Langezeit wurde der Vinschgau als Kornkammer Südtirols bezeichnet. Erst mit den Transportmöglichkeiten der Vinschger Bahn, seit 1906, konnte der Obstanbau intensiviert werden. Etwa 12 Millionen Apfelbäume bilden jedes Frühjahr ein faszinierendes Blütemeer. Ebenso einen beachtlichen Aufschwung hat der Weinanbau erlebt. Zudem gedeihen im Vinschgau auch Marillen, Birnen, Erdbeeren und Spargel hervorragend.
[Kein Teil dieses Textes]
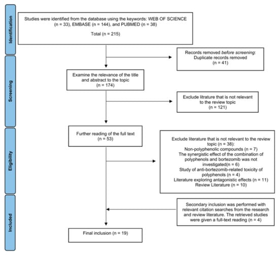 Searching with the search formula “Multiple myeloma” or “Myeloma, plasma cell” (subject) and “Bortezomib or Velcade” (all fields) and “flavonoids or polyphenols” (all fields) were put into WOS, 33 publications were found. Performing a search at PubMed with the search formula: ((Multiple myeloma or “Myeloma, Plasma-Cell”) AND (Bortezomib or Velcade)) AND (flavonoids or polyphenols), 38 publications were retrieved. Searching in Embase with the search terms: ((Multiple myeloma or “Myeloma, Plasma-Cell”) AND (Bortezomib or Velcade)) AND (flavonoids or polyphenols), 144 publications were retrieved. The filters had not been applied in any of the above three databases. Endnote 20 was used to check for duplicates automatically and by hand for 215 publications, and 41 duplicates were taken out. The titles and abstracts of 174 publications were reviewed by two independent reviewers (Kaixi Ding and Wei Jiang). In case no consensus was reached, a third independent reviewer made the final decision. 121 publications that were not relevant to the topic of this review were removed.
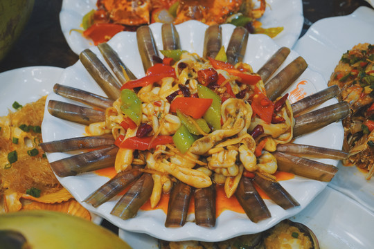 强烈推荐:辣炒螃蟹:膏满肉肥,香辣味真的适合我们成都的朋友;粉丝蒸扇贝;红烧蛏子:这个季节蛏子太肥了,这道菜是最欣喜和值得回味的;椒盐皮皮虾:味道好吃到飞起,适合喝听瓶酒啊。

Fährt man mit der Bahn ins Vinschgau so lohnt ein Ausstieg zum Beispiel in Kastelbell um dort zu einer etwa 4-stündigen Wanderung aufzubrechen. Von hier aus führt der Weg Nr. 8 und später 8A nach Latsch. Dieser Weg folg dem Latschander-Waal, einer der größten des Vinschgaus, und auch heute noch in Betrieb. Er zeugt von der Bedeutung des Wassers für die Landwirtschaft in diesem trockenen Landstrich. In Latsch angekommen sollte man unbedingt die Spitalskirche mit ihrem prächtigen Flügelaltar anschauen.
Zurück nach Meran geht es natürlich wieder mit der Vinschger Bahn. Wer aber noch aktiv sein möchte, kann sich in Latsch auch ein Fahrrad ausleihen und bis nach Meran, durch Obstwiesen und Weinhänge hindurch, radeln.